What you are asked to do | Please copy every record below exactly and leave out the pictures.

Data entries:
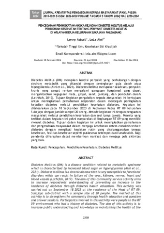 Lenny, Astusti and LeLa, Aini (2024) Pencegahan peningkatan angka kejadian diabetes melitus melalui pendidikan kesehatan tentang penyakit diabetes melitus di Wilayah Kerja Kelurahan Sukajaya Palembang. Jurnal Kreativitas Pengabdian kepada Masyarakat, 7 (5): 34. pp. 2259-2264. ISSN 2615-0921
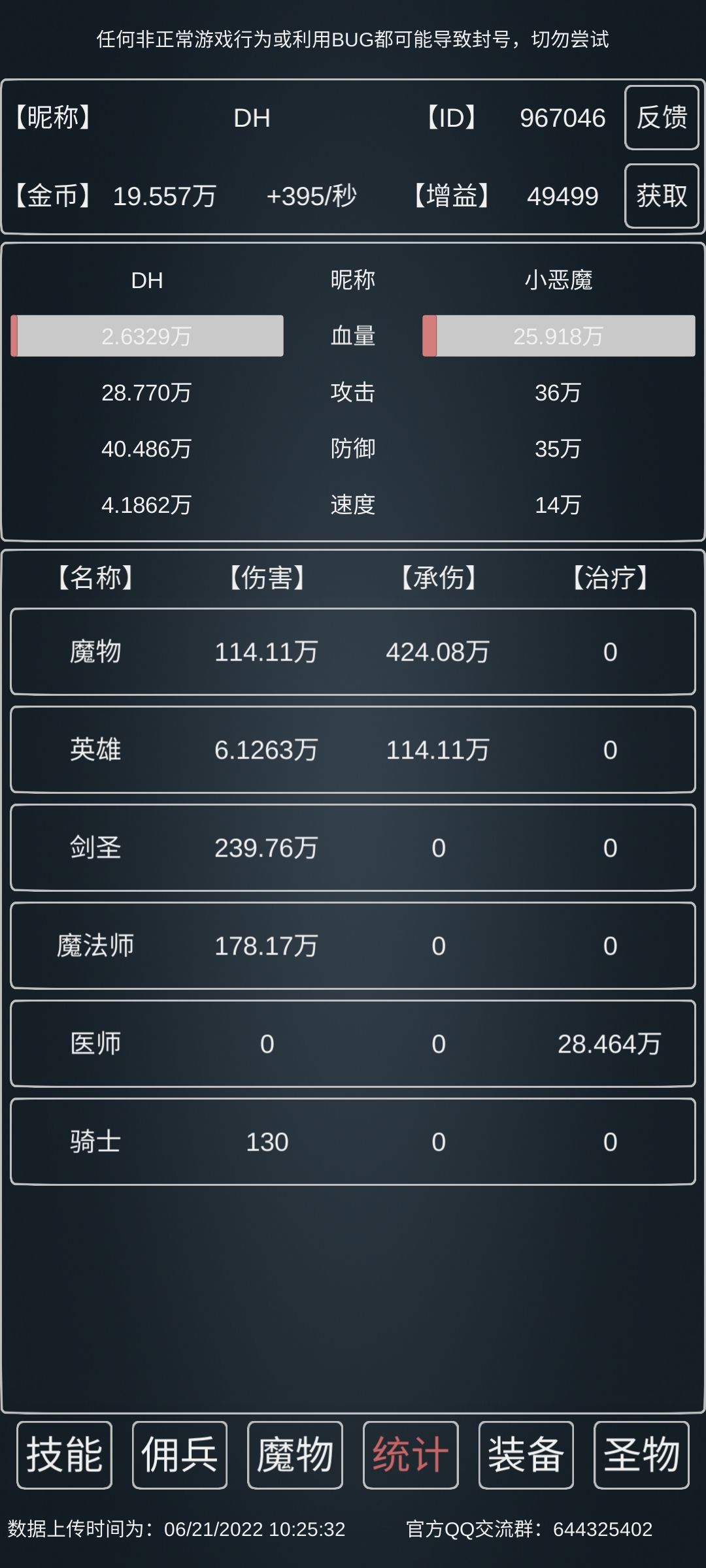 开始正文,017挂完勇者2-3h左右可以1s过暗夜,暗夜打完9-10h就可以过我们的小恶魔了,这段时间全程挂防御到40w左右即可,非常简单。
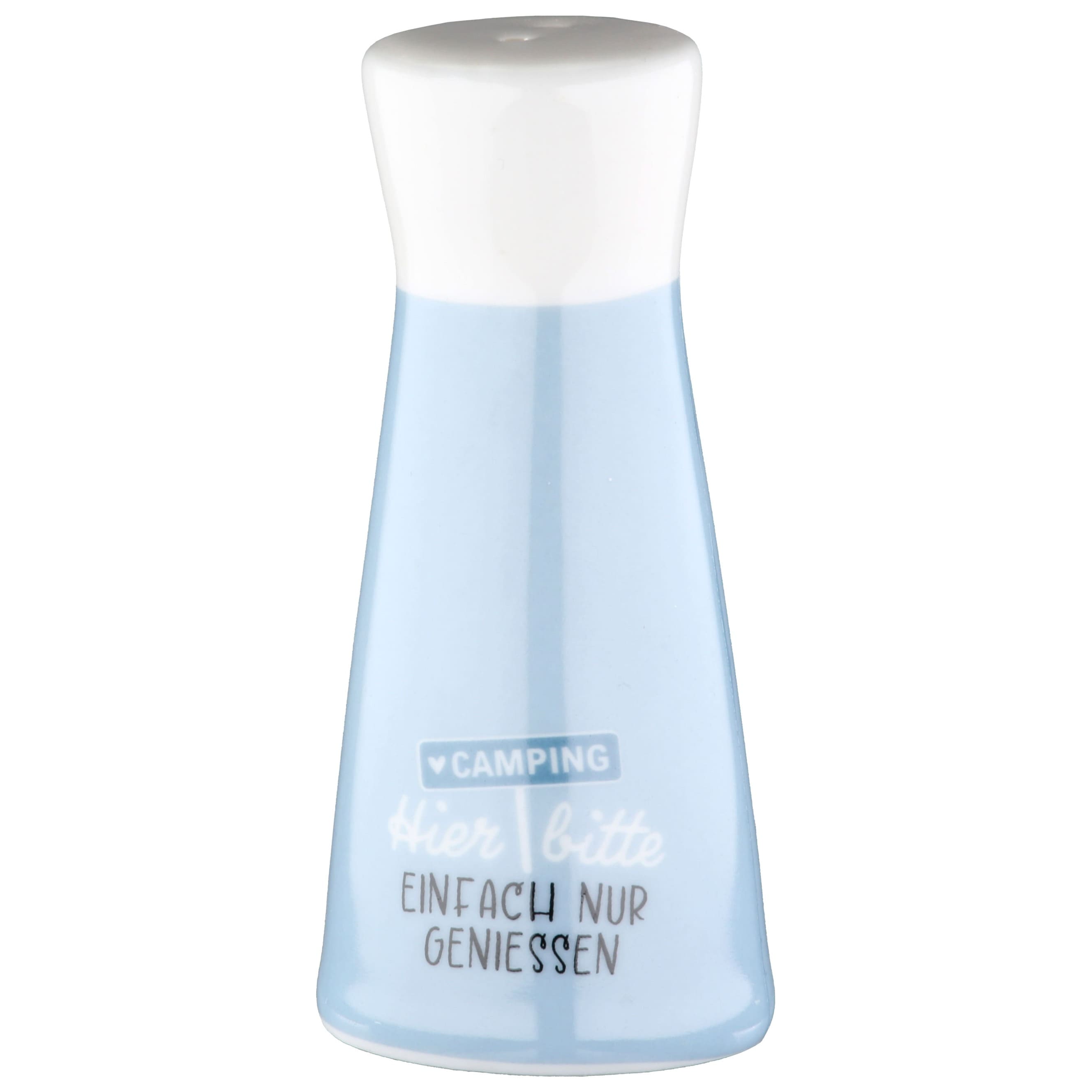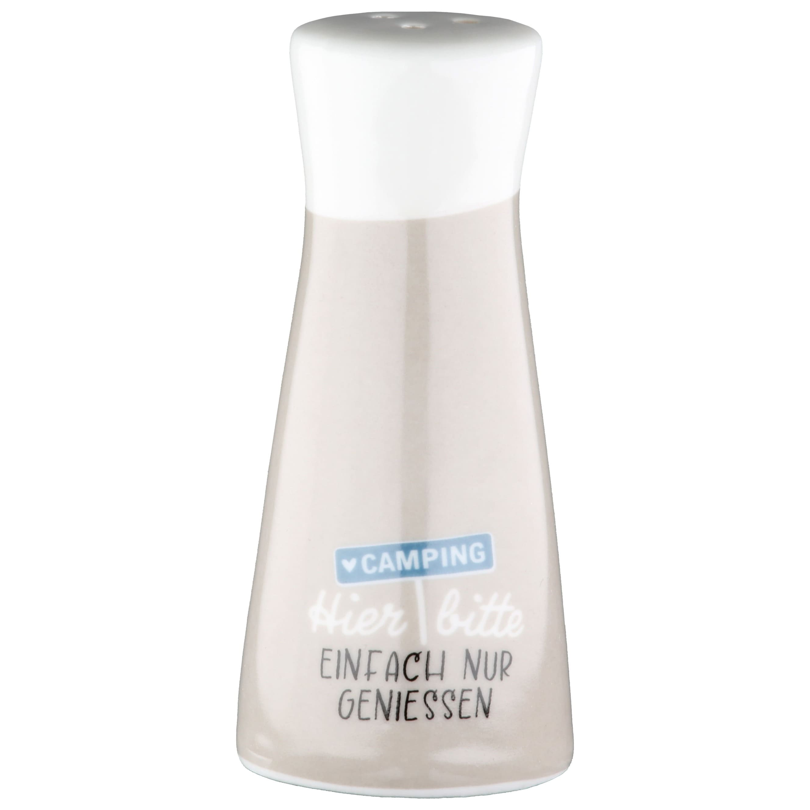 Das Salz- und Pfefferstreuer-Set „Camping – Hier bitte einfach nur genießen“ ist die perfekte Ergänzung für deinen Camping-Esstisch. Der eine Streuer in Hellblau und der andere in Beige tragen den weißen Schriftzug „Hier bitte einfach nur genießen“ und ein liebevoll gestaltetes Schild mit dem Wort „Camping“ und einem Herz. Die Kombination aus den beruhigenden Farben und dem charmanten Design sorgt für eine entspannte Atmosphäre und macht jedes Essen zu einem besonderen Erlebnis. Hergestellt aus robustem, glasiertem Porzellan sind die Streuer sowohl langlebig als auch pflegeleicht. Sie passen perfekt zu anderen Camping-Accessoires und eignen sich hervorragend für den Einsatz beim Camping, auf dem Balkon oder bei einem gemütlichen Picknick. Diese Streuer sind nicht nur funktional, sondern auch eine süße Geschenkidee für Campingfreunde und Outdoor-Liebhaber.
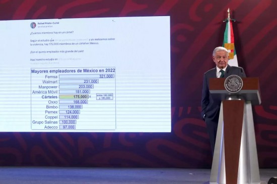 “Salió una nota también de la derecha, de los conservadores, diciendo que los empleos que se generan en México vienen del narcotráfico... eso es falso y lo puedo probar. Quién está ofreciendo más empleo es la industria de la construcción y tiene que ver con la inversión pública”, comentó. El estudio Reducir el reclutamiento de cárteles es la única forma de disminuir la violencia en México (Reducing cartel recruitment is the only way to lower violence in Mexico) revela que en el país alrededor de 175,000 personas están empleadas por organizaciones criminales. De ellas, el 17.9% estaría afiliada al Cártel Jalisco Nueva Generación, el 8.9% al Cártel de Sinaloa, el 6.2% a la Nueva Familia Michoacana, el 4.5% al Cártel del Noreste, el 3.5% a la Unión Tepito y el 59% a otras organizaciones. De acuerdo con el estudio, el primer empleador es Femsa, seguido por Walmart, Manpower, America Movil y los Cárteles. El mandatario federal dijo que la obra pública que se está realizando en el país está generando miles de empleos. “50,000 nada más de una empresa que está trabajando en el Tren Maya... nos ha ayudado mucho el que haya inversión pública y quiero comentar también a quienes viven en el norte quienes viven en el centro que no significa que no haya crecimiento en el norte y en el centro es que ahora estamos buscando pues el equilibrio y que el crecimiento sea horizontal parejo”, destacó. En su gobierno se han construido obras como el Aeropuerto Internacional Felipe Ángeles, la refinería Olmeca y está en construcción el Tren Maya. |
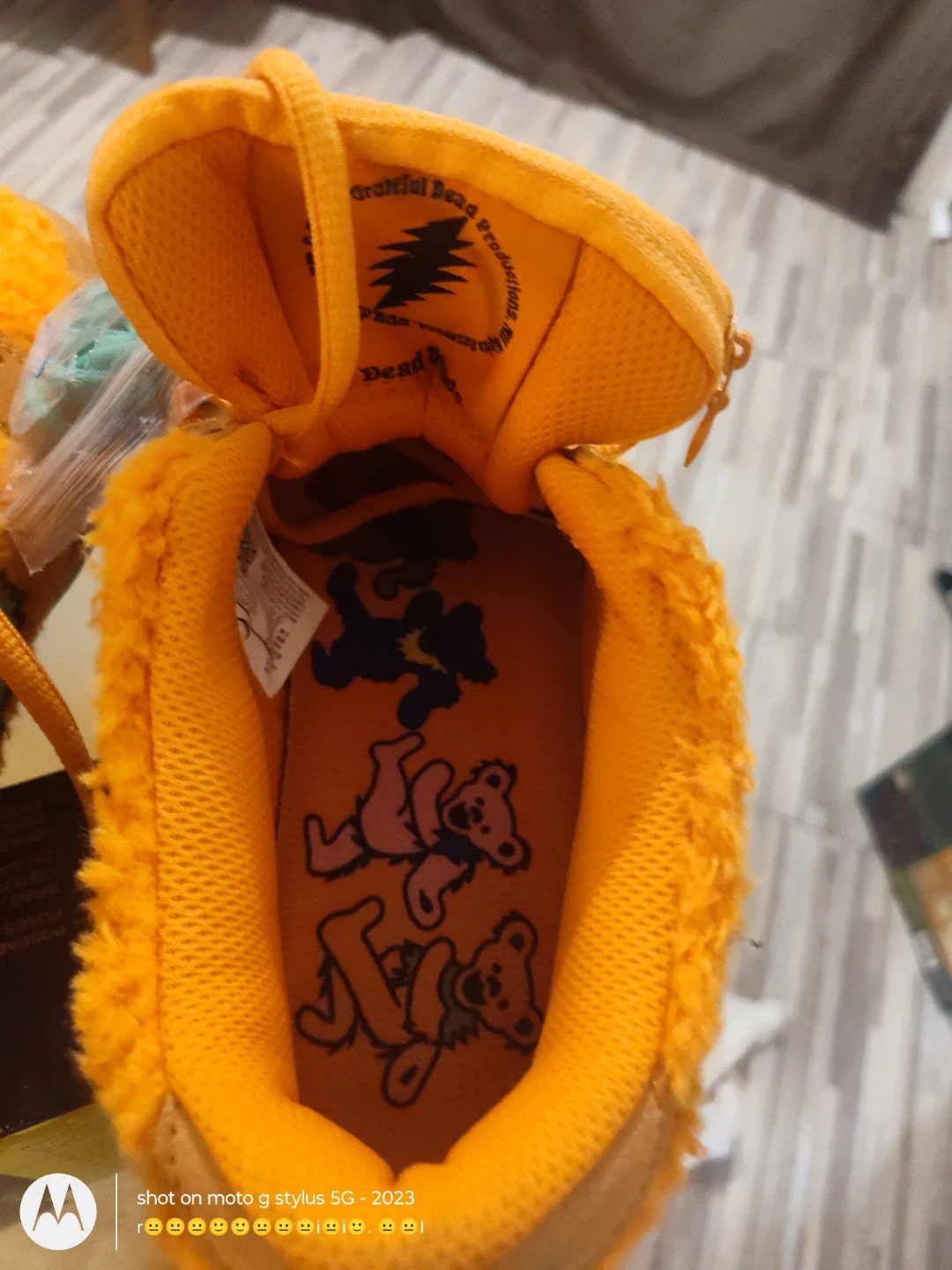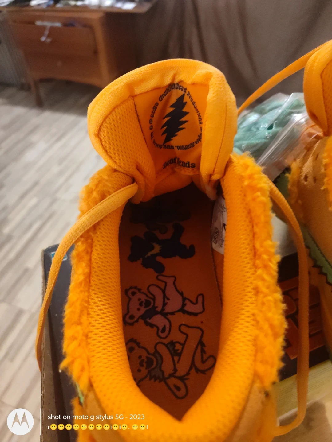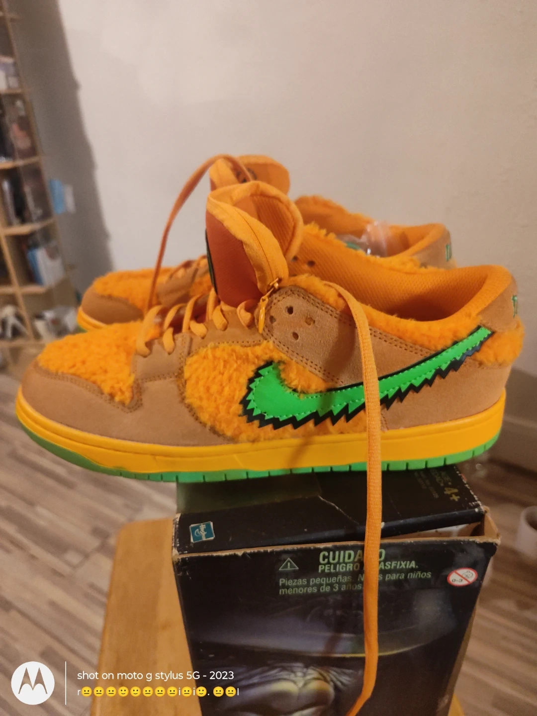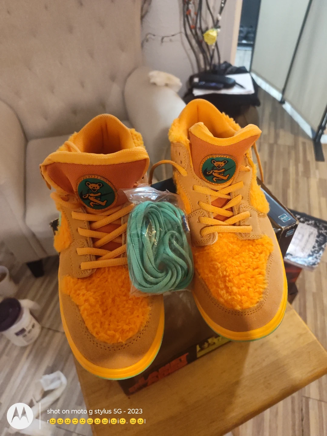 Nike SB Dunk Low Grateful Dead Bears. Orange fuzzy suede and leather. Includes extra green laces. These sneakers are a unique collectible for fans!

Written response |
 Lenny, Astusti and LeLa, Aini (2024) Pencegahan peningkatan angka kejadian diabetes melitus melalui pendidikan kesehatan tentang penyakit diabetes melitus di Wilayah Kerja Kelurahan Sukajaya Palembang. Jurnal Kreativitas Pengabdian kepada Masyarakat, 7 (5): 34. pp. 2259-2264. ISSN 2615-0921
 开始正文,017挂完勇者2-3h左右可以1s过暗夜,暗夜打完9-10h就可以过我们的小恶魔了,这段时间全程挂防御到40w左右即可,非常简单。
 Das Salz- und Pfefferstreuer-Set „Camping – Hier bitte einfach nur genießen“ ist die perfekte Ergänzung für deinen Camping-Esstisch. Der eine Streuer in Hellblau und der andere in Beige tragen den weißen Schriftzug „Hier bitte einfach nur genießen“ und ein liebevoll gestaltetes Schild mit dem Wort „Camping“ und einem Herz. Die Kombination aus den beruhigenden Farben und dem charmanten Design sorgt für eine entspannte Atmosphäre und macht jedes Essen zu einem besonderen Erlebnis. Hergestellt aus robustem, glasiertem Porzellan sind die Streuer sowohl langlebig als auch pflegeleicht. Sie passen perfekt zu anderen Camping-Accessoires und eignen sich hervorragend für den Einsatz beim Camping, auf dem Balkon oder bei einem gemütlichen Picknick. Diese Streuer sind nicht nur funktional, sondern auch eine süße Geschenkidee für Campingfreunde und Outdoor-Liebhaber.
 “Salió una nota también de la derecha, de los conservadores, diciendo que los empleos que se generan en México vienen del narcotráfico... eso es falso y lo puedo probar. Quién está ofreciendo más empleo es la industria de la construcción y tiene que ver con la inversión pública”, comentó. El estudio Reducir el reclutamiento de cárteles es la única forma de disminuir la violencia en México (Reducing cartel recruitment is the only way to lower violence in Mexico) revela que en el país alrededor de 175,000 personas están empleadas por organizaciones criminales. De ellas, el 17.9% estaría afiliada al Cártel Jalisco Nueva Generación, el 8.9% al Cártel de Sinaloa, el 6.2% a la Nueva Familia Michoacana, el 4.5% al Cártel del Noreste, el 3.5% a la Unión Tepito y el 59% a otras organizaciones. De acuerdo con el estudio, el primer empleador es Femsa, seguido por Walmart, Manpower, America Movil y los Cárteles. El mandatario federal dijo que la obra pública que se está realizando en el país está generando miles de empleos. “50,000 nada más de una empresa que está trabajando en el Tren Maya... nos ha ayudado mucho el que haya inversión pública y quiero comentar también a quienes viven en el norte quienes viven en el centro que no significa que no haya crecimiento en el norte y en el centro es que ahora estamos buscando pues el equilibrio y que el crecimiento sea horizontal parejo”, destacó. En su gobierno se han construido obras como el Aeropuerto Internacional Felipe Ángeles, la refinería Olmeca y está en construcción el Tren Maya. |
 Nike SB Dunk Low Grateful Dead Bears. Orange fuzzy suede and leather. Includes extra green laces. These sneakers are a unique collectible for fans!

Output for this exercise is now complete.